* Try it
Word for word, return the lines below from the first through the line that has "Verdt å merke", dropping the pictures.

Source records

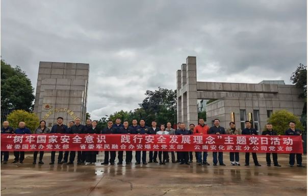 2023年10月13日,中共云南省委國(guó)安辦黨支部、省委軍民融合辦安爆處黨支部與安化武定分公司黨支部在武定分公司聯(lián)合開(kāi)展“樹(shù)牢國(guó)家安全意識(shí),踐行安全發(fā)展理念”主題黨日活動(dòng)。中共云南省委國(guó)安辦黨支部、省委軍民融合辦安爆處黨支部、武定縣工業(yè)信息化商務(wù)科學(xué)技術(shù)局、安化公司班子成員、武定分公司黨支部共計(jì)30余名黨員參加活動(dòng)。
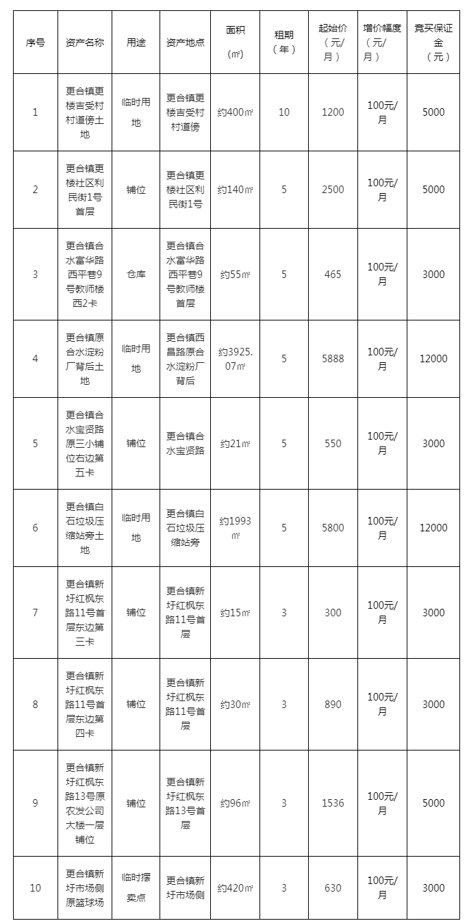 4.租金收取方式:标的1、4、6、10的租金按年支付,标的2、3、5、7-9的租金按每半年支付,都采取先付款后使用的模式。
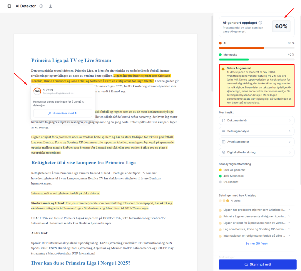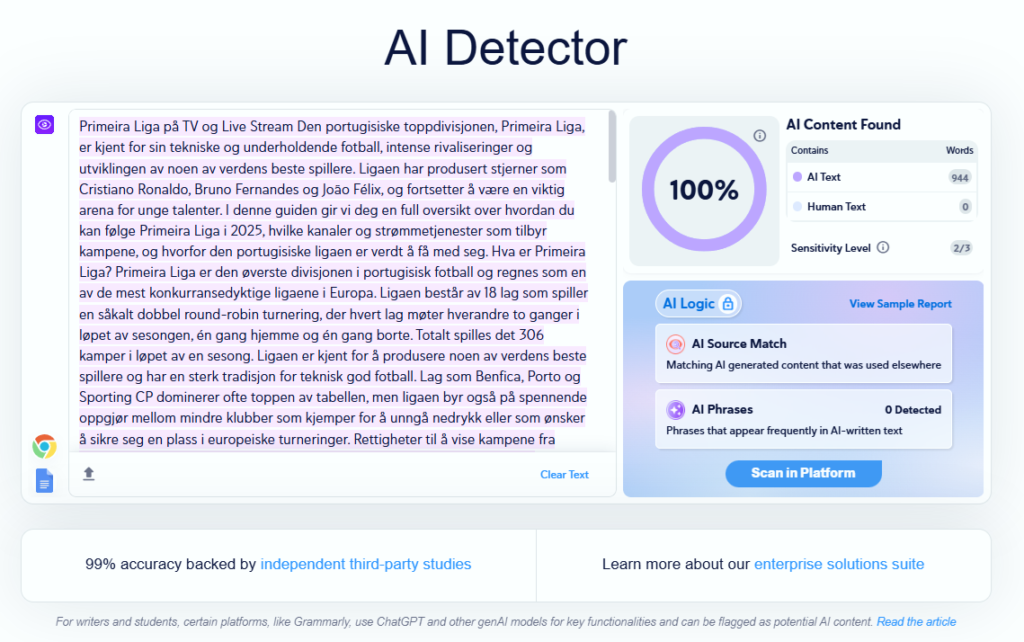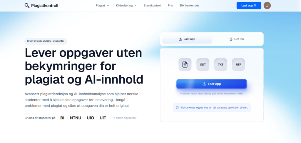 Verdt å merke seg er at plattformen også inkluderer en norsk AI detektor – en egen modell trent eksklusivt på norsk språk med omtrent 95 % nøyaktighet. Det gjør Plagiatkontroll.no til en komplett løsning for dem som trenger både plagiatsjekk og AI-deteksjon tilpasset norsk.
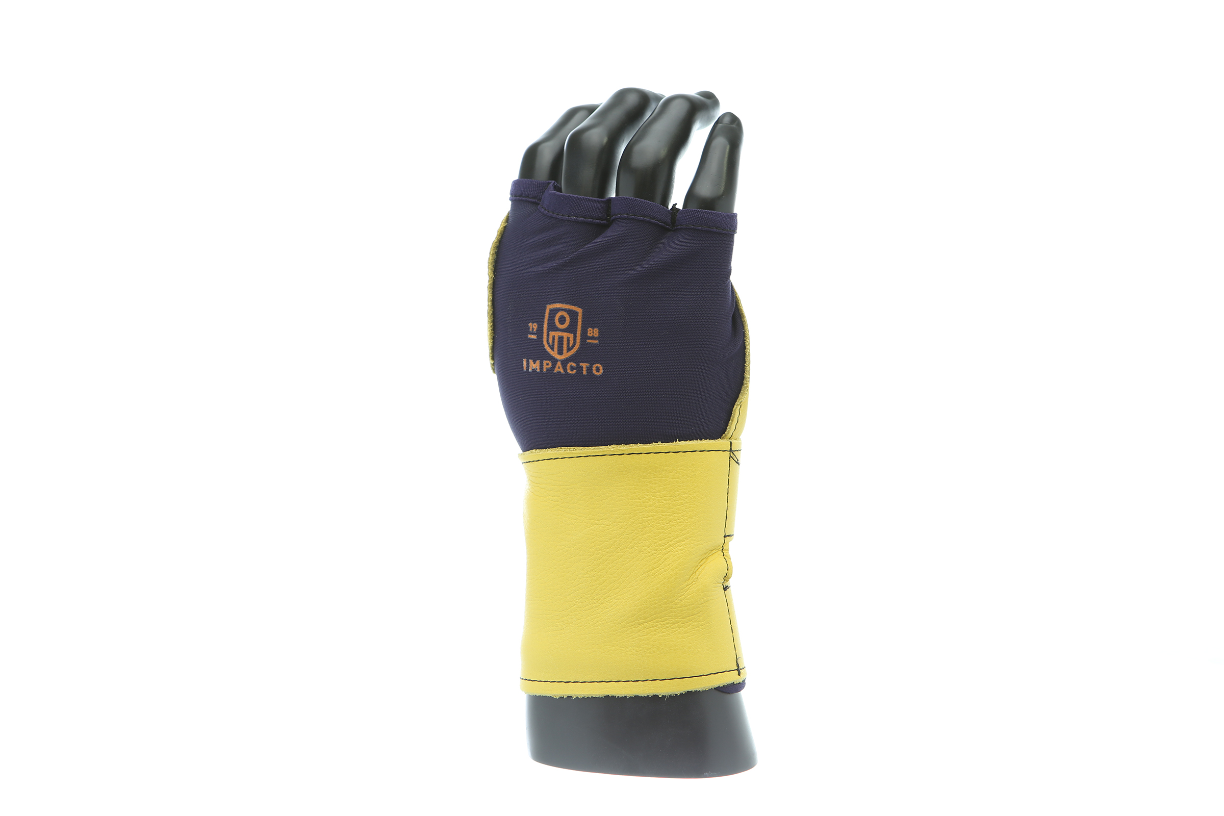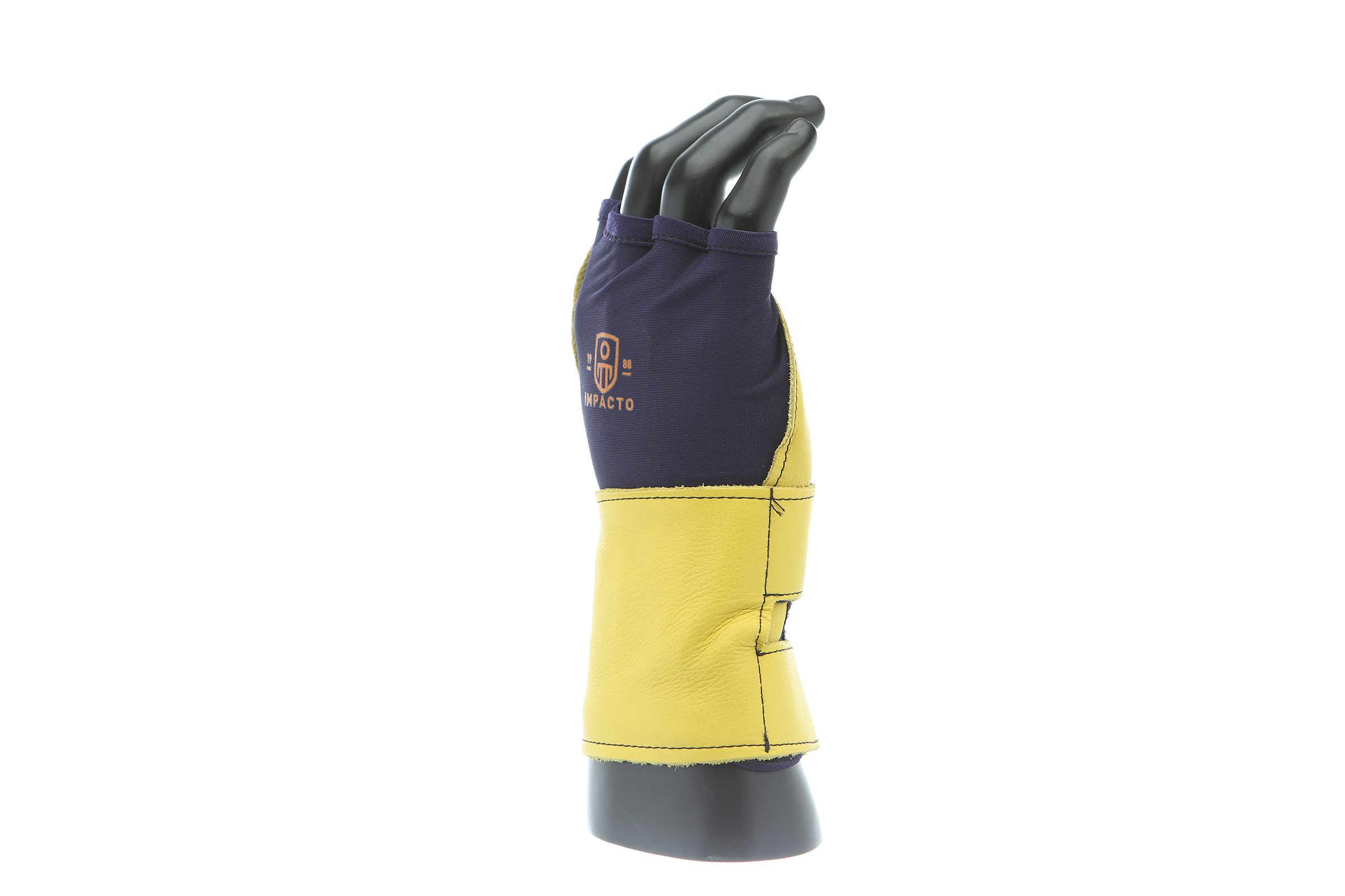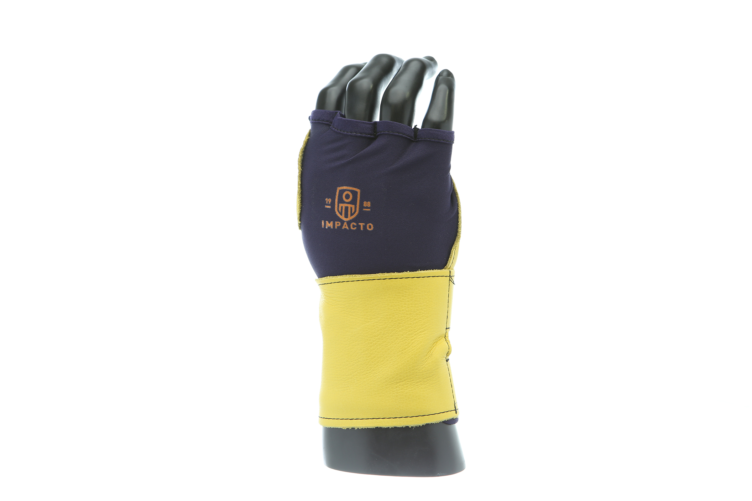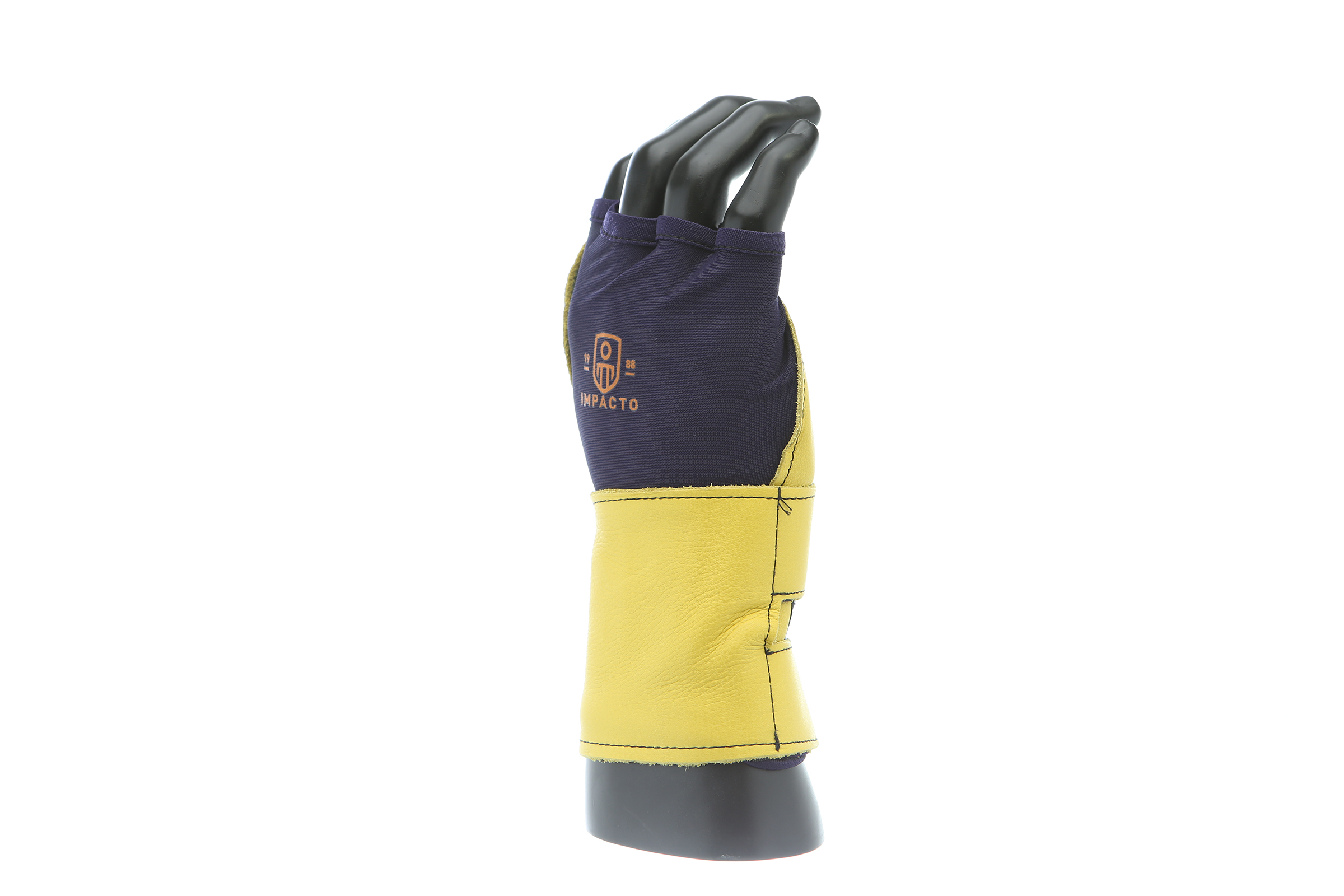 IMPACTO Fingerless nylon Lycra and grain leather glove with VEP padding in the palm and thumb web area. Detachable grain leather wrist support.
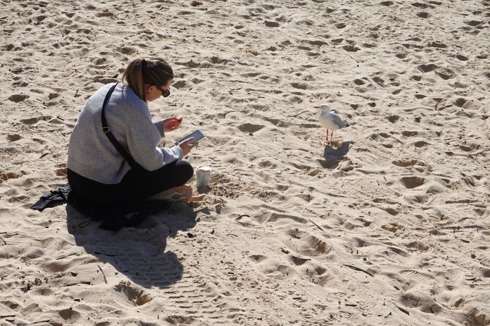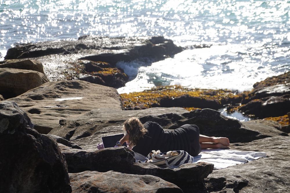 在礁石上铺一薄毯,享受冬日暖阳,面朝大海,盯着Ipad
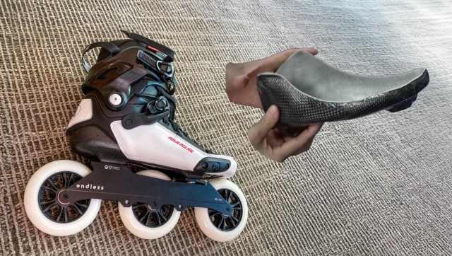 There is a third type of carbon-fiber inline skates, the speed skates. They are in many ways like hockey skates. For one, the same carbon shell construction applies to both ice speed skates and inline speed skates. The shell covers a larger area of a foot, like hockey shells. For instance, eyelets are punched out of the shell directly. In fact, it seems that carbon shells originated with speed skates, before other skating disciplines adopted the same. But you will notice that speed skates don’t have a shaft at all. The collar of the boot barely covers parts of the ankle of the skater.

* Output for this task
 2023年10月13日,中共云南省委國(guó)安辦黨支部、省委軍民融合辦安爆處黨支部與安化武定分公司黨支部在武定分公司聯(lián)合開(kāi)展“樹(shù)牢國(guó)家安全意識(shí),踐行安全發(fā)展理念”主題黨日活動(dòng)。中共云南省委國(guó)安辦黨支部、省委軍民融合辦安爆處黨支部、武定縣工業(yè)信息化商務(wù)科學(xué)技術(shù)局、安化公司班子成員、武定分公司黨支部共計(jì)30余名黨員參加活動(dòng)。
 4.租金收取方式:标的1、4、6、10的租金按年支付,标的2、3、5、7-9的租金按每半年支付,都采取先付款后使用的模式。
 Verdt å merke seg er at plattformen også inkluderer en norsk AI detektor – en egen modell trent eksklusivt på norsk språk med omtrent 95 % nøyaktighet. Det gjør Plagiatkontroll.no til en komplett løsning for dem som trenger både plagiatsjekk og AI-deteksjon tilpasset norsk.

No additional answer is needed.